I read Terry's blog on LCC and she did such a good job I hesitated in writing one of my own.  I mean how can one compete with perfection,  Then I thought, Wait a minute (It's true; I think in Italics) every  panel, every class that Terry took, I took something else. You might say that in a Set Theory context we were Complementary Sets (I know the math stuff excites me too!)

Soooooooo, if you didn't get to go to Left Coast Crime last week in Sacramento, here is another perspective.

I didn't stay at the conference hotel, so Wednesday night I walked about a mile through downtown Sacramento - what a cool town - to early register for the next day.  It had rained so the air was moist and cool, the night sky perfect.  The folks who put on the conference were welcoming and so friendly I knew I was in for a great weekend.  Plus I got to work at the registration table handing out canvas bags full of goodies.  what is better than handing out canvas bags full of goodies? 

The conference itself started off with a bang for me because I was a member of the very first panel on Thursday afternoon: IN THE NICK OF TIME: HOW DO YOU GET YOUR PROTAGONIST IN AND OUT OF DANGER?  I shared this panel with four other terrific writers. Camille Minichino (who has several series in play including one where her sleuth is a mathematics professor), Keith Raffel (who writes action thrillers), Audrey Braun (who writes a series with a woman who's husband abandoned her in the jungle) and Robert O'Hanneson (who wrote the coolest mystery set in a carnival).  My fellow panelists were witty, charming, gracious and the time sped by like a dream. Afterwards, our moderator, Mars Preston ushered us down to the bookstore for a signing where I got to meet a legion of mystery readers.  Let me say this right up front, I love, love, love mystery readers.  They know so much and ask so many questions.  Truth was I didn't know all of the headline authors, and they schooled me so I wouldn't look like an ignoramus.  The signing was a kick in the butt, and I made some friends for life, including a wonderful couple from Highlands Ranch, Colorado with whom I plan to have lunch with in the near future.

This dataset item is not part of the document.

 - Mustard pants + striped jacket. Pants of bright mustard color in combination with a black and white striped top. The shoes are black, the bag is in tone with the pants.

I've never been into crafting mysteries, so I attended a panel titled Killer Crafts.  Out very own Maggie Sefton was on this panel, and I was enchanted by sleuths who built dollhouses, knitted, and quilted.

I'm going to mention the silent auction because I spent a lot of time there and the folks who were running this show gave me a lot of pointers for next year.  That's right, next year yours truly is running both the silent and the not-so-silent auction.  I also learned how to spell tchotches.

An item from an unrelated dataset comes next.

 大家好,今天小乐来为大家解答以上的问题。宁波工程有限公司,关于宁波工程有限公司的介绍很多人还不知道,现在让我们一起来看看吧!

I won't go into all the panels I attended but I will give a list of them:

Tea and a Cozy - delightful panel and I met some wonderful female writers.

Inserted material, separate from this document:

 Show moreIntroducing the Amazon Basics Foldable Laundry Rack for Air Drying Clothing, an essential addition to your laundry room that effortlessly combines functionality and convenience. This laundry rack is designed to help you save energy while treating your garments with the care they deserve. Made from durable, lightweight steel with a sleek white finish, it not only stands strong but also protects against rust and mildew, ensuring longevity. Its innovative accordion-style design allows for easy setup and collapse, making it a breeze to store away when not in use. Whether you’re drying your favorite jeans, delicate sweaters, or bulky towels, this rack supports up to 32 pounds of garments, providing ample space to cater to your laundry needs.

The Killer Thriller panel - this had one of the big guns of the weekend, James Rollins

All in the Name of Research - Twiss Phelan moderated this panel which was a hoot.

Laugh Yourself to Death - need I say more?

Pre-twentieth Century History - one of my favorite authors, Ann Parker was on this one and it was great.

20th Century History Mysteries - Another great one.

Sex in Mysteries - Again, need I say more?

One of the coolest things I got to do was take a walking tour of Old Sacramento along the Sacramento River.  All along the tour, ghosts would appear and tell us tales of how they died.  In fact, our guide for the tour was a ghost.  One confused specter, who died when the floor of an opera house collapsed, kept asking us if we'd seen her equally dead husband.  I had to tell the poor woman I hadn't and she wandered off down the street. We learned that the city had been totally destroyed twice - once with fire and once with flood.  Very cool stuff.

One mistake I did make was to drive to the conference.  Does the wind blow constantly in Wyoming?

Anyway, one last bit of info.  Left Coast Crime 2013 will be in Colorado Springs next year.  Is that cool or what?!!